In the records below, repeat word for word only the lines starting at the one that contains "Умножение многочленов. Задачи" and ending at the one that contains "幫助企業解決在短視頻營銷中的", pictures excluded.

▶ **Excerpted data**
• • • • • • •

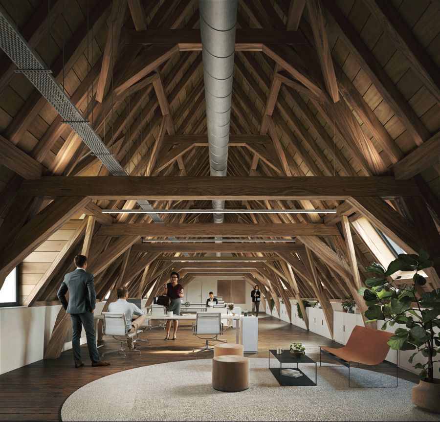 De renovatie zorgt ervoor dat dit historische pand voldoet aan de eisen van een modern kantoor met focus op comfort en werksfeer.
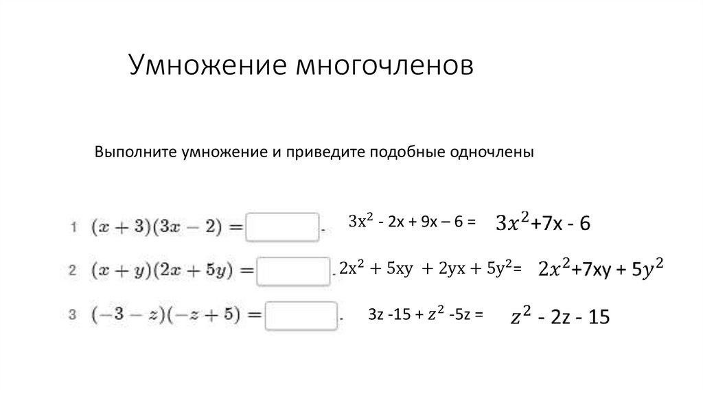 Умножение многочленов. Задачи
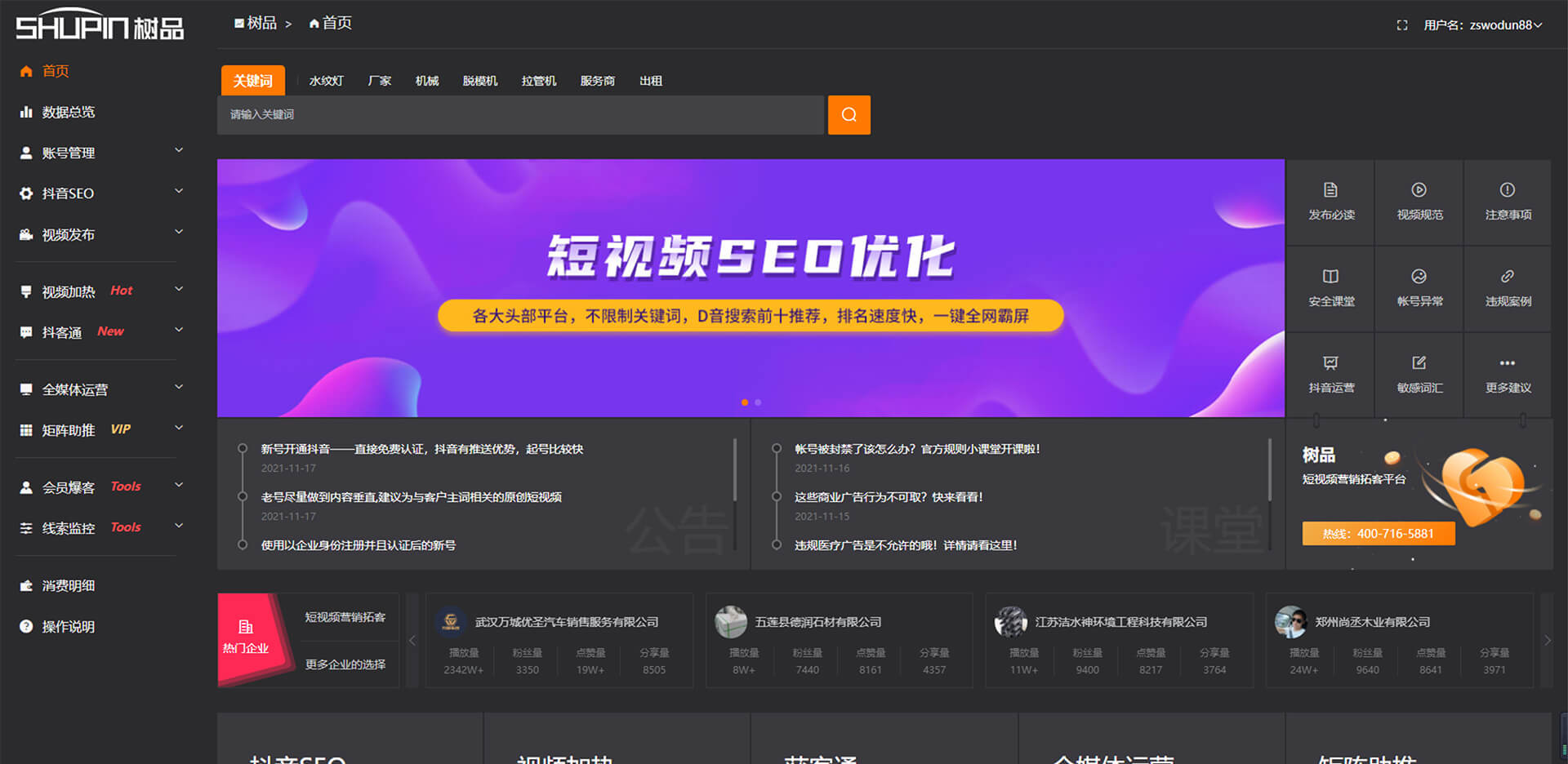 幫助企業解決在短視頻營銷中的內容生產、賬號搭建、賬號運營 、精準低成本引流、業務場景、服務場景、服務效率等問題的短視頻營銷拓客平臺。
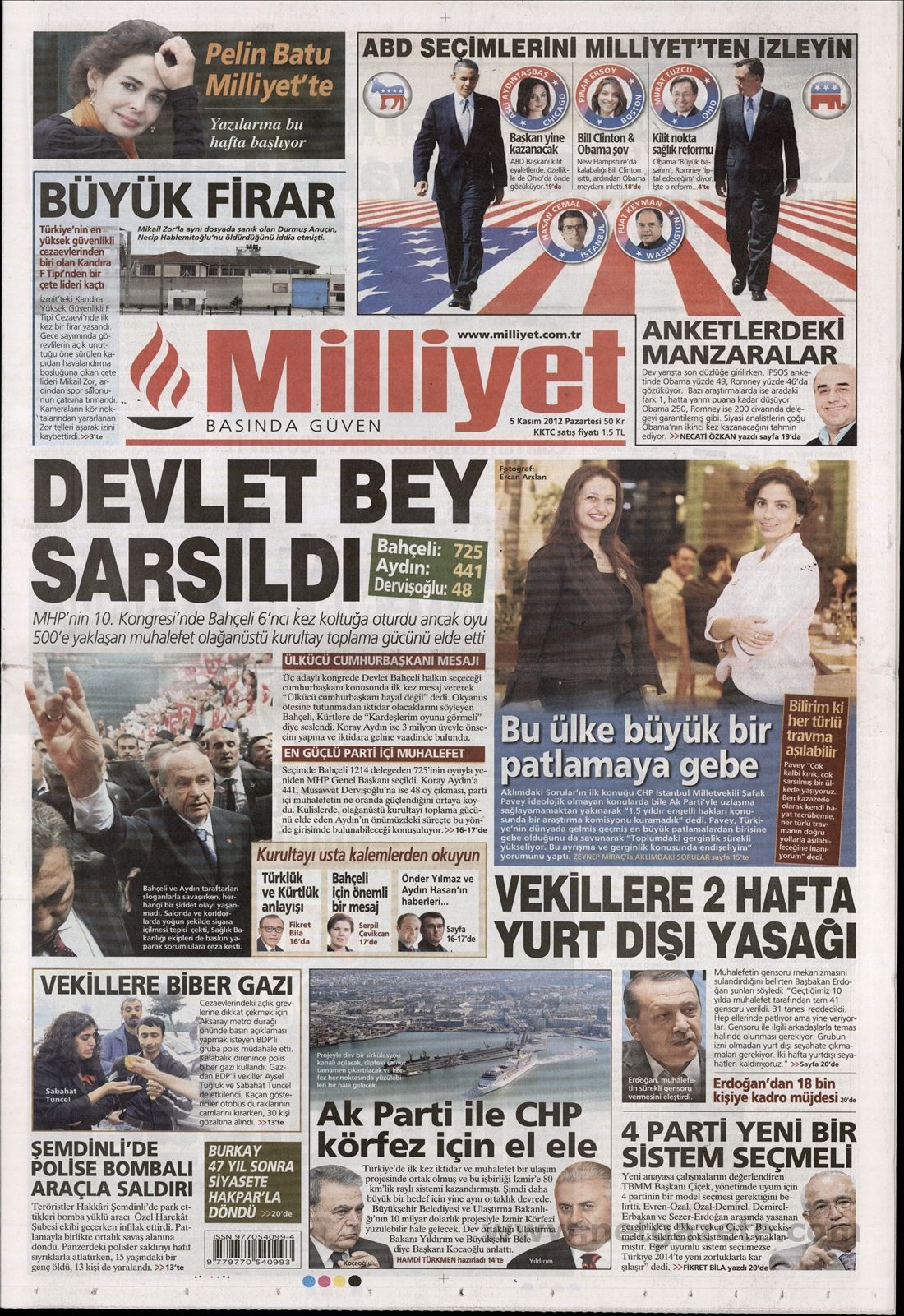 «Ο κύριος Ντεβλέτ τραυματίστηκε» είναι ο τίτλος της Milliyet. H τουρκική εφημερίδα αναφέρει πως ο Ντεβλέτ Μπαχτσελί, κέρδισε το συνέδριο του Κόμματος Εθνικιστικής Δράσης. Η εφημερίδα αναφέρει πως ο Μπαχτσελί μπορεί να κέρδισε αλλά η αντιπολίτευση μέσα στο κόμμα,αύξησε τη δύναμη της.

• • • • • • •

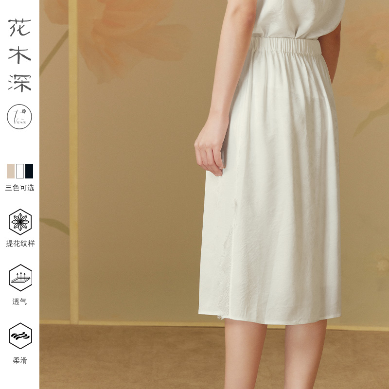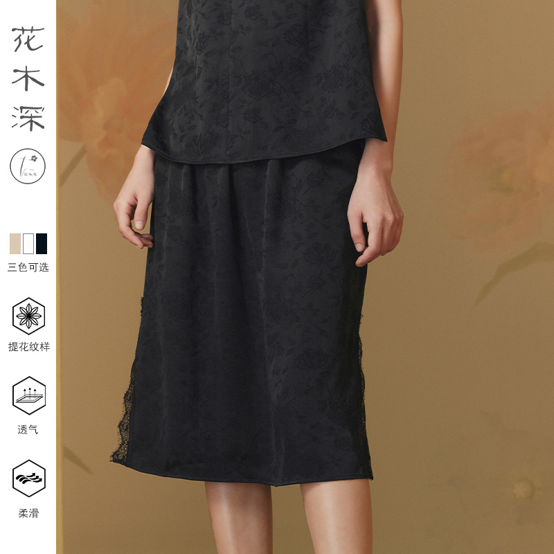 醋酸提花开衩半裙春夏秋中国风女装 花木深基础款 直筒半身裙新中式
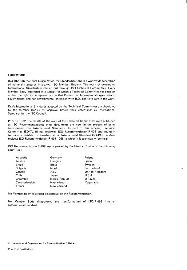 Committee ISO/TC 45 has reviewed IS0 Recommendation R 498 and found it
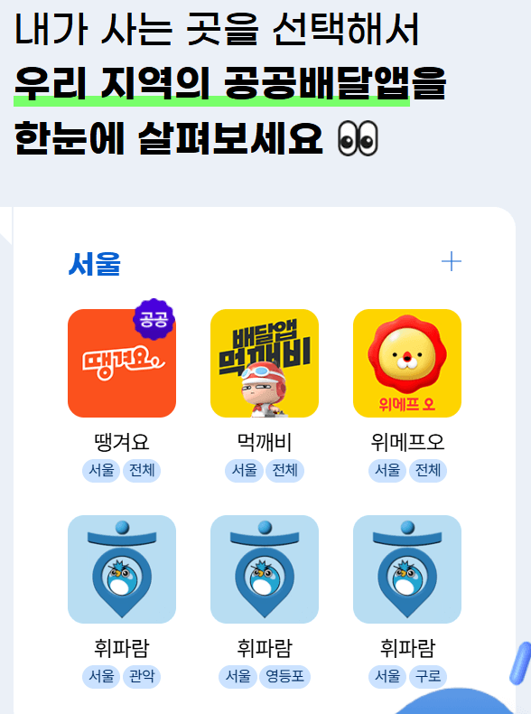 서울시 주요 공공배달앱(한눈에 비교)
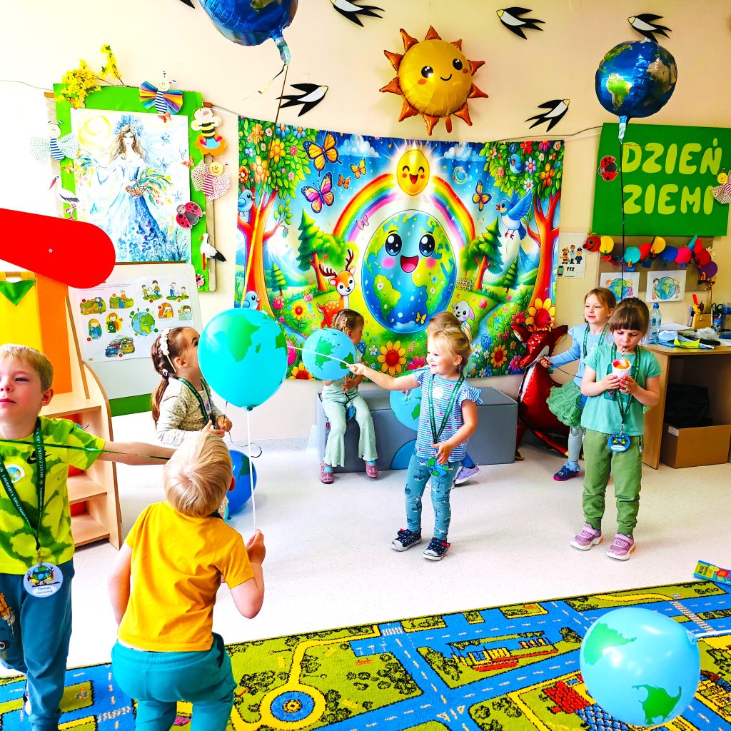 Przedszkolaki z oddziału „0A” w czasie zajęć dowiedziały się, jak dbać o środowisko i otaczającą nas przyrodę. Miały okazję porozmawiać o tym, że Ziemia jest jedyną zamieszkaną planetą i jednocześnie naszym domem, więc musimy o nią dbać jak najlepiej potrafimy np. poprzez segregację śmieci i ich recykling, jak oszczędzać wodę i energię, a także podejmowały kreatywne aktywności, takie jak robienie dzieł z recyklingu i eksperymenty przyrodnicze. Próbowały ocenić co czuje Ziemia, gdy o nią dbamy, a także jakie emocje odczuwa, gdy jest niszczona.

• • • • • • •

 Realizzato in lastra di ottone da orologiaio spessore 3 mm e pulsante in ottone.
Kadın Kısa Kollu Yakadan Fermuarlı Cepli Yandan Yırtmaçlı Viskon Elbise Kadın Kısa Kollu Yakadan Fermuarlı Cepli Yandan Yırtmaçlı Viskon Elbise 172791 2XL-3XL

• • • • • • •

▶ **Reply**
 Умножение многочленов. Задачи
 幫助企業解決在短視頻營銷中的內容生產、賬號搭建、賬號運營 、精準低成本引流、業務場景、服務場景、服務效率等問題的短視頻營銷拓客平臺。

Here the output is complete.